After the death of the king, he works in the office of Władysław Łokietek. In a document from 1297, he appears as a provost of the Poznań chapter.

==Episcopal career==
In the same year, he left the court of Łokietek to embrace the Poznań bishop's throne. In 1298 he was the main negotiator of the settlement in Kościan, between Łokietek, Henry III Głogowczyk and wielkopolskie Wielkieks, who in exchange for the support of Łokietek's embrace of the Crown left by Przemysl guaranteed a number of privileges to Poznań bishops, including the title of the Crown Chancellor and the Poznań throne. Soon after, along with the majority of the magnates of Wielkopolska, he found himself in opposition to Łokietek. In 1299, Władysław Łokietek placed the interdict in the diocese of Poznań (by some historians, this fact is questioned). After that he became one of the main architects of Wenceslas II's coronation as the king of Poland. After the death of Wacław II, and soon after him Wacław III supported in the summer of 1306 Henryk Głogowczyk, who mastered Greater Poland. The support of the Silesian Piasts of German and Silesian influences in Wielkopolska quickly caused that the majority of the nobles stood in opposition to Henry and his sons. Jakub Świnka and Andrzej Zaremba were in the forefront of this movement. In 1312, both priests laid a curse on Henryk and his sons, which accelerated the end of their rule over Wielkopolska. In 1313 bp. Andrzej ultimately spoke on the side of Łokietek.

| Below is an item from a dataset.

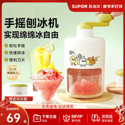 苏泊尔刨冰机家用小型手摇碎冰机儿童生日礼物不插电摆摊沙冰机

During the office of the Poznań Bishop, he reformed the archdiocese of Poznań, dividing it into three smaller ones and planning to create a fourth one in the lands located on the northern bank of the Noteć. He issued laws that would put an end to the distribution of tithing from both new parishes and help to regain those assignments that his predecessors left behind. In the episcopal administration, he created a permanent general office, settled matters of cathedral vicars, created their permanent college, and recognized the bishops' chancellors as prelates. He also issued, in 1302, permission for an uprising at a Poznań friend.